Case Study: Building a Record Deduplicator with Equivalence Closure
"The goal is to turn data into information, and information into insight." — Carly Fiorina
Executive Summary
A customer database has accumulated duplicates: the same person entered three times with slightly different details. Your task is to build a deduplicator that groups records belonging to the same real person into clusters, picks one representative per cluster, and reports the merged set. The catch — and the reason this is a relations problem — is that your matching rules give you only pairwise hints ("record 1 and record 4 share an email," "record 4 and record 7 share a phone"), and those hints are not transitive on their own. To get clean, non-overlapping clusters you must take the equivalence closure of the match relation (reflexive + symmetric + transitive closure together) and then read off its equivalence classes, which the chapter guarantees form a partition — exactly the no-record-in-two-clusters property a deduplicator needs.
This case study is build-heavy: you will construct a small but real component, step by step, each step
justified by a theorem from §12.4–12.5. (Case Study 1 was analysis-heavy — interrogating a system you were
handed.) By the end you'll have a deduplicate function whose correctness rests directly on the
equivalence-relation/partition correspondence.
Skills applied
- Building a match relation from pairwise rules (§12.1) and recognizing it is not yet an equivalence relation (§12.3).
- Taking the reflexive, symmetric, and transitive closures together to form the equivalence closure (§12.5, the Common Pitfall box).
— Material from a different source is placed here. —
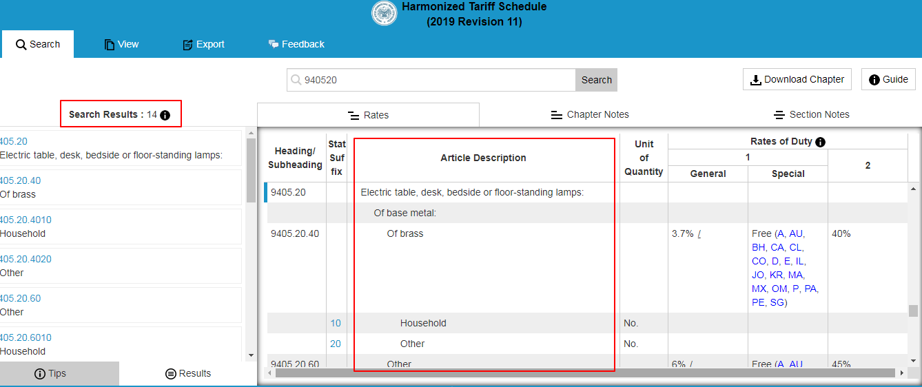 進入上述網(wǎng)站,在搜索框中輸入中國HS CODE的前六位數(shù),如臺燈940520****,根據(jù)產(chǎn)品描述選擇準確的HTS CODE。

- Extracting equivalence classes and relying on the partition theorem for correctness (§12.4).
- Choosing class representatives — the deduplication output.
- Hand-deriving expected output at each phase.
Background
The scenario
A table of customer records, keyed by an internal id, with messy contact fields:
id name email phone
1 Ada Lovelace ada@calc.org 555-0100
2 Grace Hopper grace@navy.mil 555-0200
3 A. Lovelace ada@calc.org (none)
4 Ada L. (none) 555-0100
5 Alan Turing turing@bletchley.uk 555-0300
6 G. Hopper grace@navy.mil 555-0299
Two matching rules are agreed with the data team: two records match if they share a non-empty email, or they share a non-empty phone. Applying the rules pairwise:
- Records 1 and 3 share email
ada@calc.org. - Records 1 and 4 share phone
555-0100. - Records 2 and 6 share email
grace@navy.mil. - Record 5 matches nothing.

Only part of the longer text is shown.